Sharing code and data
Questions
How can I share research code and data?
Objectives
Discuss the pros and cons of open science
Learn how to mint a DOI for your project
Instructor note
10 min teaching
15 min exercises
Sharing research data
The Open Science movement encourages researchers to share research output beyond the contents of a published academic article (and possibly supplementary information).

Arguments in favor (from Wikipedia):
Open access publication of research reports and data allows for rigorous peer-review
Science is publicly funded so all results of the research should be publicly available
Open Science will make science more reproducible and transparent
Open Science has more impact
Open Science will help answer uniquely complex questions
Arguments against (from Wikipedia):
Too much unsorted information overwhelms scientists
Potential misuse
The public will misunderstand science data
Increasing the scale of science will make verification of any discovery more difficult
Low-quality science

(This image was created by Scriberia for The Turing Way community and is used under a CC-BY licence. The image was obtained from https://zenodo.org/record/3332808.)
FAIR principles

(This image was created by Scriberia for The Turing Way community and is used under a CC-BY licence. The image was obtained from https://zenodo.org/record/3332808.)

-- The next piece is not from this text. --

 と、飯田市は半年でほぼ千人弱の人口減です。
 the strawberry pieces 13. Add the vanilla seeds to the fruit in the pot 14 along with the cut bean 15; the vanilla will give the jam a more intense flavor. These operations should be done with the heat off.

“FAIR” is the current buzzword for data management. You may be asked about it in, for example, making data management plans for grants:
Findable
Will anyone else know that your data exists?
Solutions: put it in a standard repository, or at least a description of the data. Get a digital object identifier (DOI).
Accessible
Once someone knows that the data exists, can they get it?

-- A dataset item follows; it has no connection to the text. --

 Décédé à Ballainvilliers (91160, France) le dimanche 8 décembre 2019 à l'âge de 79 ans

Usually solved by being in a repository, but for non-open data, may require more procedures.
Interoperable
Is your data in a format that can be used by others, like csv instead of PDF?
Or better than csv. Example: 5-star open data
Reusable
Is there a license allowing others to re-use?
Even though this is usually referred to as “open data”, it means considering and making good decisions, even if non-open.
FAIR principles are usually discussed in the context of data, but they apply also for research software.
Note that FAIR principles do not require data/software to be open.
Discuss open science
Do you share any other research outputs besides published articles and possibly source code?
Discuss pros and cons of sharing research data.
Exercise - Connecting repositories to Zenodo
Sharing-1: Get a DOI from Zenodo
Digital object identifiers (DOI) are the backbone of the academic reference and metrics system. In this exercise we will see how to make a GitHub repository citable by archiving it on the Zenodo archiving service. Zenodo is a general-purpose open access repository created by OpenAIRE and CERN.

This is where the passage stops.